Attorney-at-Law

A SLOW DAY

In Uncategorized on 09/09/2014 at 20:23

I had a meeting with the Board of Directors of a client today at 3 p.m., EDT, so Tax Court, obliging as ever, released no opinions today, assuring thereby that I would not have to hasten back to my computer to get y’all the latest.

Judge Holmes (I’ll skip the honorifics) has two designated hitters, but the only point is that being convicted of tax fraud and some amount of underpayment in consequence thereof does not estop the fraudster from fighting over the exact amount he owes Uncle Samuel. To the same effect see my blogpost “Orders in the Court”, 3/9/12, the story of Albert Bront, ex-Revenue Agent.

But Judge Laro, hiding his light under a bushel and sending me on a lengthy boustrephon through a field of uninteresting orders, has one about experts who stray from the straight-and-narrow, making conclusions of law and findings of fact, and advocating rather than enlightening the Court.

The case is James A. Survilla, Transferee, Docket No. 6332-12, filed 9/9/14, but Jim is a bystander. The heavy in this piece is J. T. Atkins, IRS’ witness, whose credentials Judge Laro addresses in a footnote.

“Mr. Atkins graduated from Harvard Law School in 1982, after which he practiced mergers and acquisitions law for 3 years and worked as an investment banker for 29 years.” Order, at p. 1, footnote 1.

I’ll spare you my snarky remarks about those who practice briefly and hie themselves off to other (presumably more lucrative) endeavors. And certainly I’ll avoid the t-shirt: “Harvard- because not everyone can go to Cornell.”

There, now we can get on with it. Judge Laro: “To be admissible, expert testimony must be both relevant and reliable. To be reliable, expert testimony must be based on sufficient facts or data and it must be the product of reliable principles and methods properly applied.
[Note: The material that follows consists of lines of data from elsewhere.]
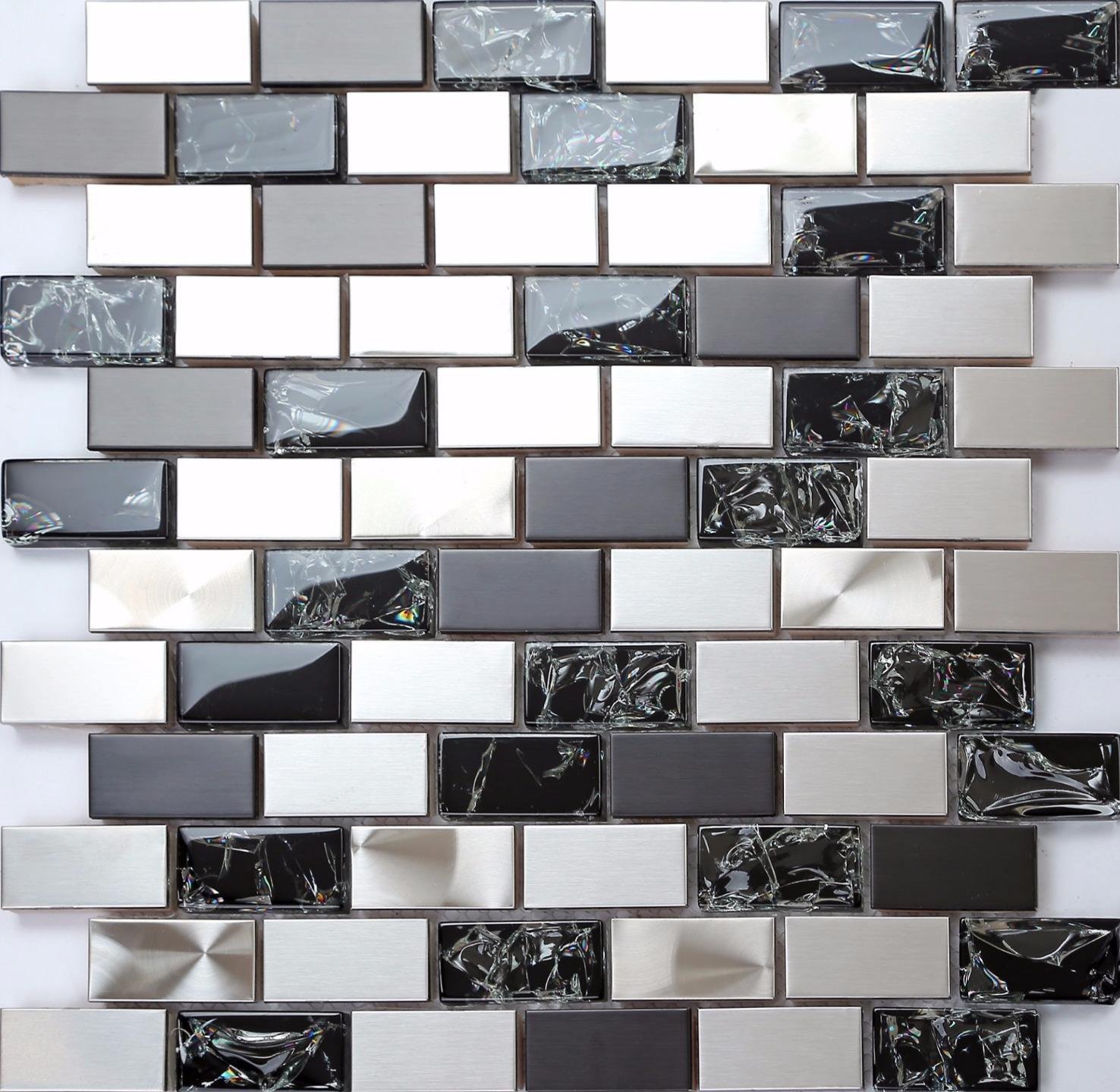 Backsplash Tile Brushed Aluminum Tiles Silver Metal And Glass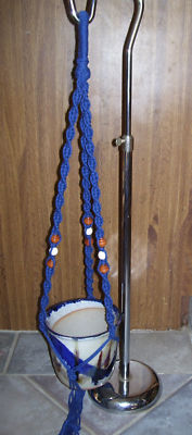 Title (ebay affiliate link): Vintage Ceramic Clay Planter W Macrame Hanging Pot Blue Drip In Door Out 60s 70s
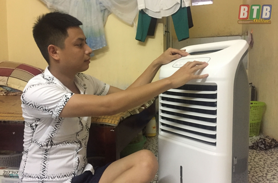 Hai vợ chồng anh Đặng Văn Dũng và chị Phan Thị Huế đang ở trọ tại thôn Đại Lai, xã Phú Xuân chia sẻ: hai vợ chồng phải vừa quyết định đầu tư mua một cái quạt điều hòa hơn 2 triệu đồng. Mặc dù có thêm quạt điều hòa, song tại phòng trọ 15 m2 bao gồm cả công trình vệ sinh, nơi nấu nướng, không khí vẫn ngột ngạt, bức bối mặc dù đó là thời điểm nắng đã tắt.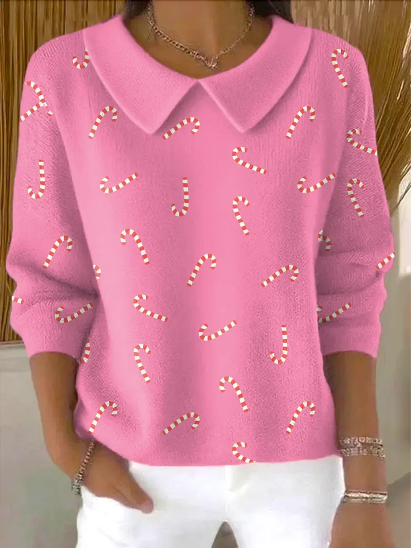 Elena je pletený vánoční svetr z měkké směsi bavlny, ozdobený opakujícím se vzorem klasických cukrových hůlek. Límec dodává celku elegantní a lehce nostalgický vzhled, který se skvěle hodí k útulné sváteční atmosféře.

To be relevant, expert testimony must ‘assist the trier of fact to understand the evidence or to determine a fact in issue.’ ‘Expert testimony is not relevant if the expert is offering a personal evaluation of* * * the motivations of the parties.’ ‘The proponent of expert testimony must establish its admissibility by a preponderance of the evidence.’” Order, at p. 2. (Citations omitted).

Judge Laro serves as gatekeeper, and J. T. is a gatecrasher.

J. T. has predominantly given only legal conclusions, or at best mixed conclusions of law and fact. He’s telling the Judge what to find, and Judge Laro isn’t buying it.

But J. T.’s opinion isn’t wholly worthless.

Judge Laro: “Nonetheless, Mr. Atkins does provide several opinions which are properly within the purview of an expert, including his opinions that: (1) it is ‘not normal’ for a C corporation without operating assets to be purchased for more than its book value; (2) discussions centered on taxes and the removal of noncash assets and liabilities from a corporation are not ‘typically topics of* * * [primary] focus’; (3) the wire transfer or escrow of an acquired corporation’s cash assets as part of a stock sale is ‘highly unusual’; and (4) indemnity clauses regarding postclosing tax liabilities are ‘highly unusual’.” Order, at p. 6.

So J. T. can get that much in. But the rest goes over the side. And if IRS still wants J. T.’s explications to go in evidence at trial, they must redact his written opinion.